Settlement. The mediator's job is to facilitate resolution, and if he is successful, the settlement is written up and signed by the parties at the mediation. The settlement agreement is a contract; if one party does not comply, the courts will readily enforce it.

Prospects for Success

I have seen statistics indicating that nine out of 10 construction mediations are successful. In my experience, that number seems about right. People don't come to the negotiating table unless they really want to wrap things up.

What is success? If you participate in mediation, you will not get everything you want. The best you can expect is to get maybe 90 percent of your claim, and very frequently you'll have to settle for less — sometimes much less. But at least you will staunch the bleeding, so to speak, and ending the dispute will allow you to concentrate once again on running your business.

A Real-Life Example

One of my contractor clients recently entered mediation with a customer who owed him $60,000 on a $400,000 remodeling job. The workmanship was excellent, but my client was not very prompt about submitting the final bill, and when he did, the customers refused to pay.

Tempers flared, talks broke down, and soon both sides hired attorneys. We still couldn't break the deadlock, so, with fees mounting, the parties agreed to an early mediation.

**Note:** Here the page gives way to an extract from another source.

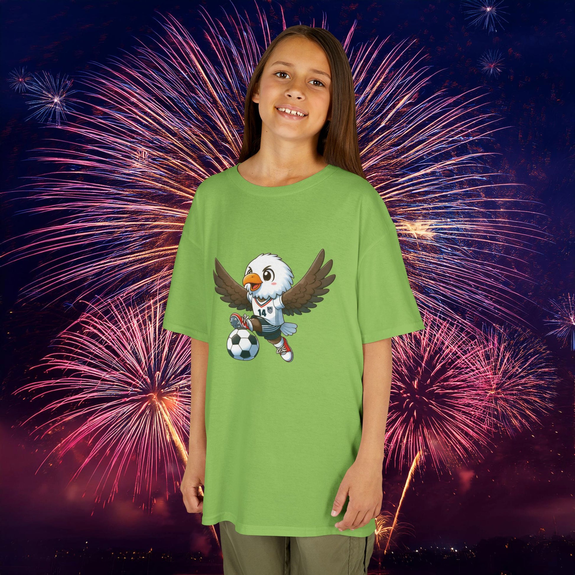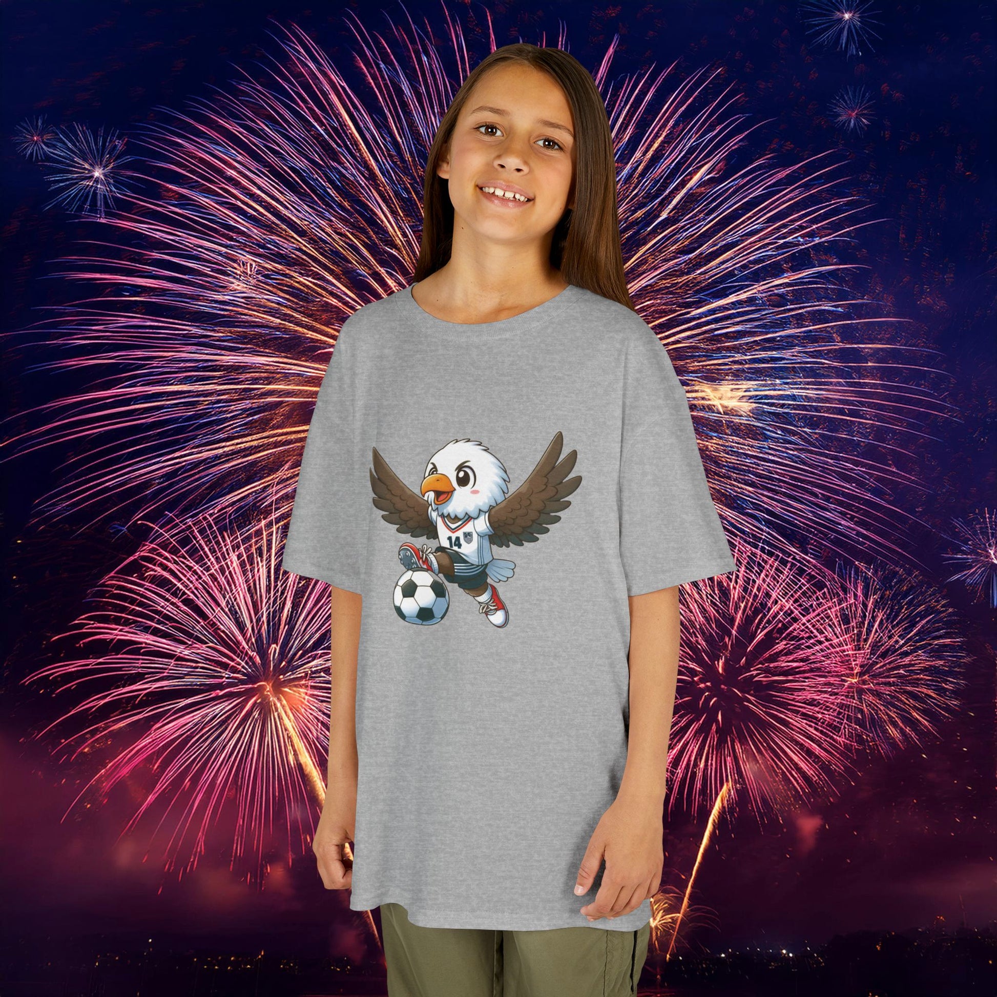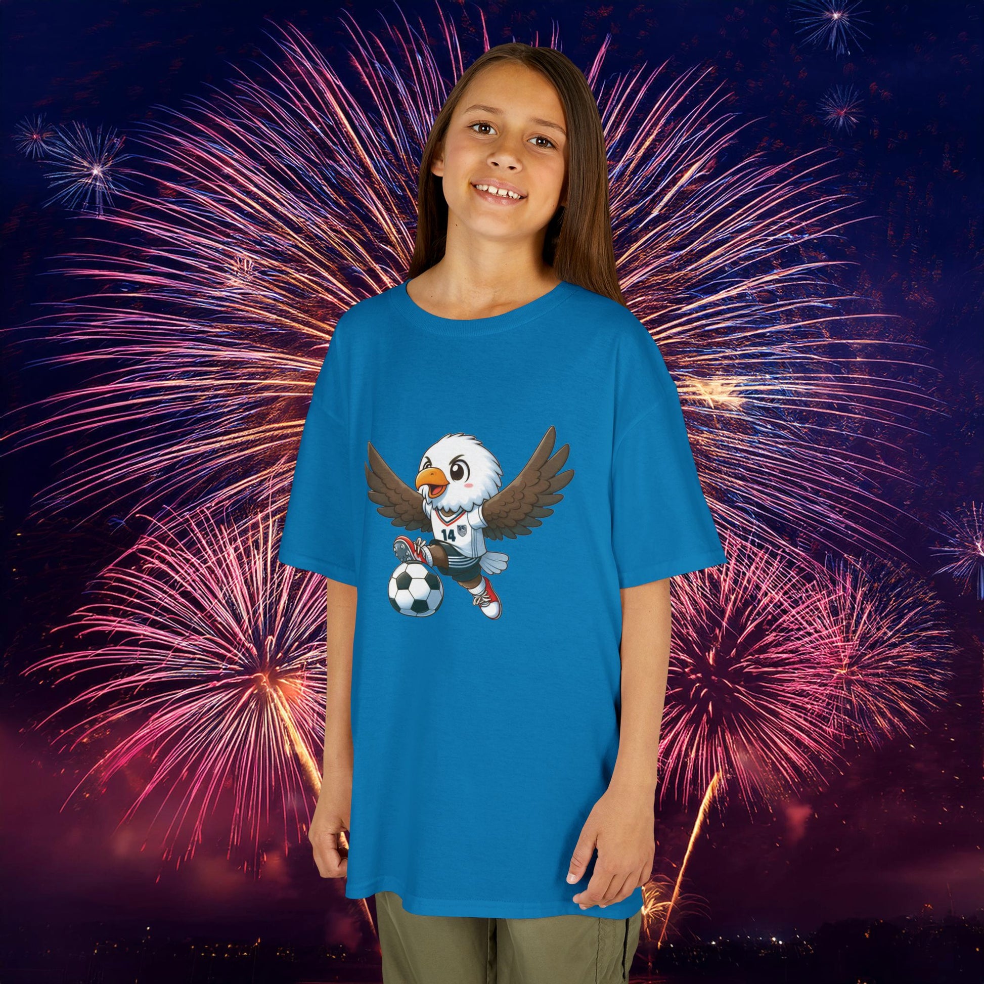 This USA Soccer eagle design kids heavy cotton tee is perfect for everyday use. The fabric is 100% cotton for solid colors. Polyester is included for heather-color variants. The shoulders have twill tape for improved durability. The collar is curl resistant due to ribbed knitting. There are no seams along the sides.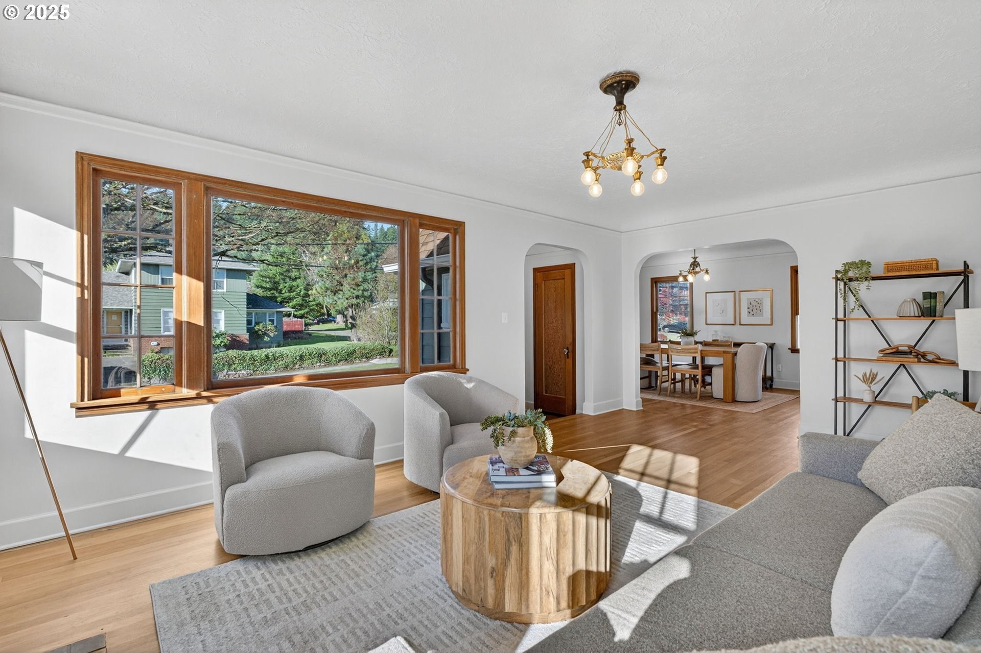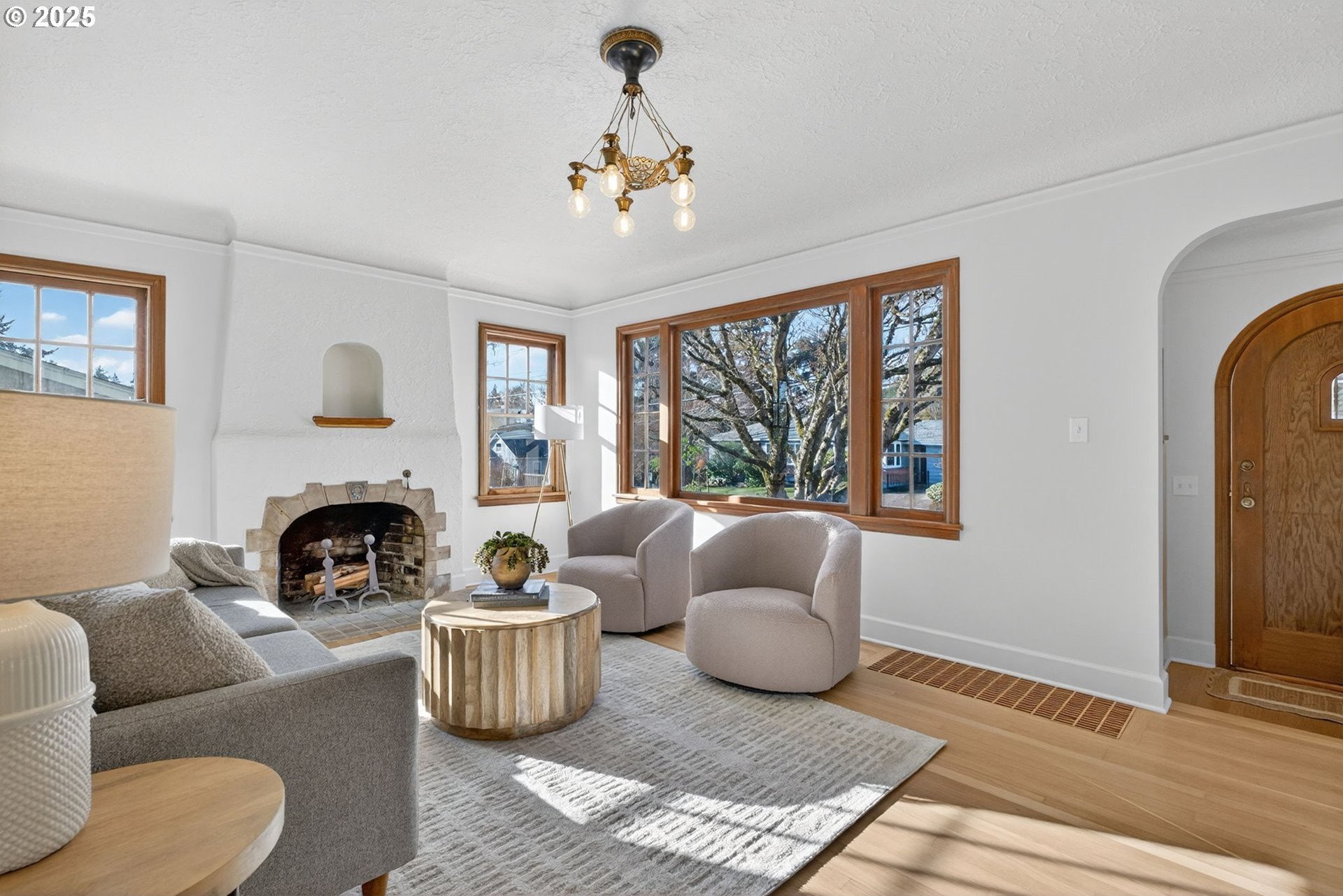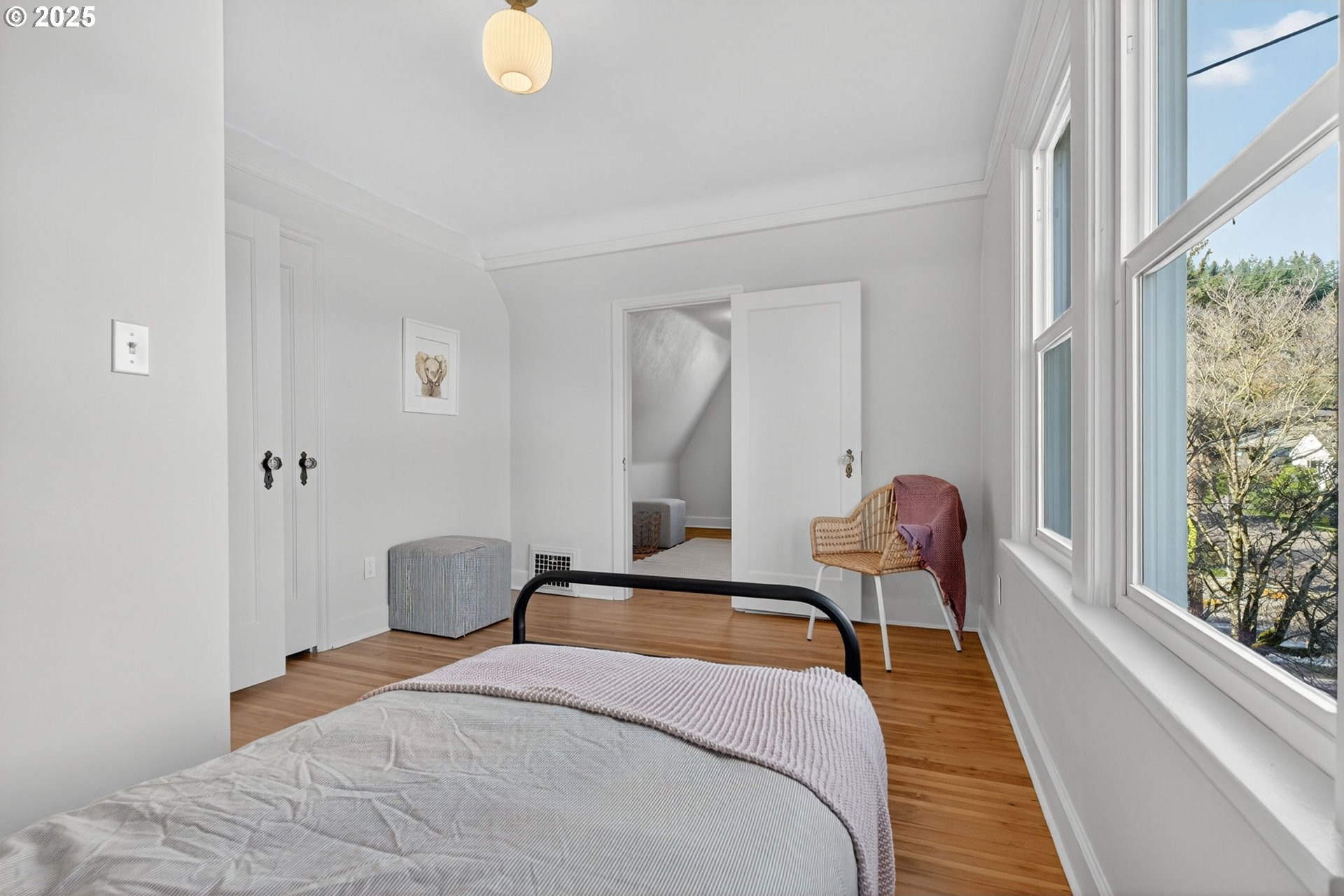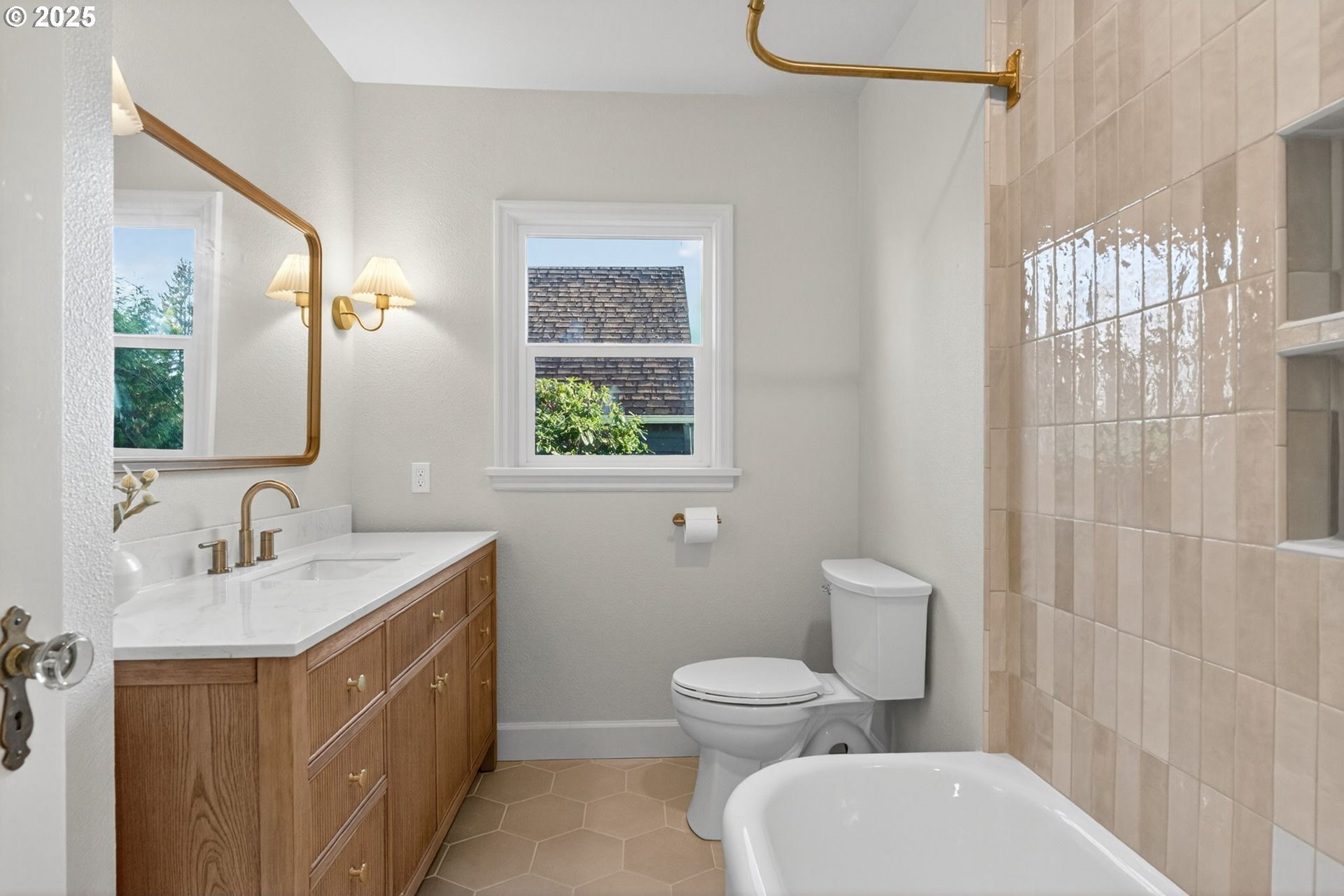 Stunningly remodeled Mt. Tabor Tudor blends modern amenities with original period details. Living room boasts a beautifully preserved fireplace, picture rail molding and wall of wooden windows that fill the space with natural light. Newly remodeled kitchen opens to expansive dining room with more period charm and peek-a-boo views of Mt. Tabor. Large kitchen with peninsula offers quartz countertops, gas stove with custom hood, Bedrosions designer tile, walk-in pantry with open shelving and an abundance of storage. Newly refinished oak and fir floors throughout with a full bedroom and bathroom on main floor. Upstairs features generously sized primary suite with large en-suite bathroom and walk-in closet. 3rd bedroom upstairs with adjoining bonus room that could be a great flex space/office. Full height unfinished basement allows for future expansion possibilities. Large corner lot with two car garage backing to highly rated Bridger Elementary. Conveniently positioned just blocks from iconic Mt. Tabor park, Montavilla shops, farmers market, cafes and restaurants. This is the one!

I attended the mediation, and it was clear to me that the customers were rabid and out for blood. One spouse had gone so far as to contact multiple past clients of my contractor to construct some kind of conspiracy theory.

The mediator, contractor, and I agreed that our side held the legal high ground, but that practically speaking the time and cost to prevail in court would be out of proportion to what my client would collect. In the end, the contractor agreed to settle for less than the entire amount.

Do You Need an Attorney?

An attorney is not required for mediation, but if the case is complicated, I advise at least consulting one. (And if the other side hires an attorney, then you should definitely retain one.) He or she can explain the procedures ahead of time and advise you on tactics and strategy.

Also, most mediators ask for a premediation brief or statement so that they come to the mediation well-informed of the issues. While you could write this statement without the aid of an attorney, you should at minimum talk with one, because a brief that informs and persuades is worth its weight in gold.

Attorneys play a limited role during the mediation. They are there not so much to advocate as to inform, clarify, and advise. The really good mediators will often push counsel into the background for much of the proceeding. When the mediator says, "Mr. Byrnes is an excellent attorney, but ...." I know I am being asked to step back and shut up.

A Worthwhile Investment

Mediation is never a waste of time. Even if it fails, you will gain something by getting the mediator's objective read on the strengths and weaknesses of your case. Should the case go on to binding arbitration or litigation, much of the prep work will already be done.

Bryant H. Byrnes has a law practice in Oakland, Calif., that specializes in construction law.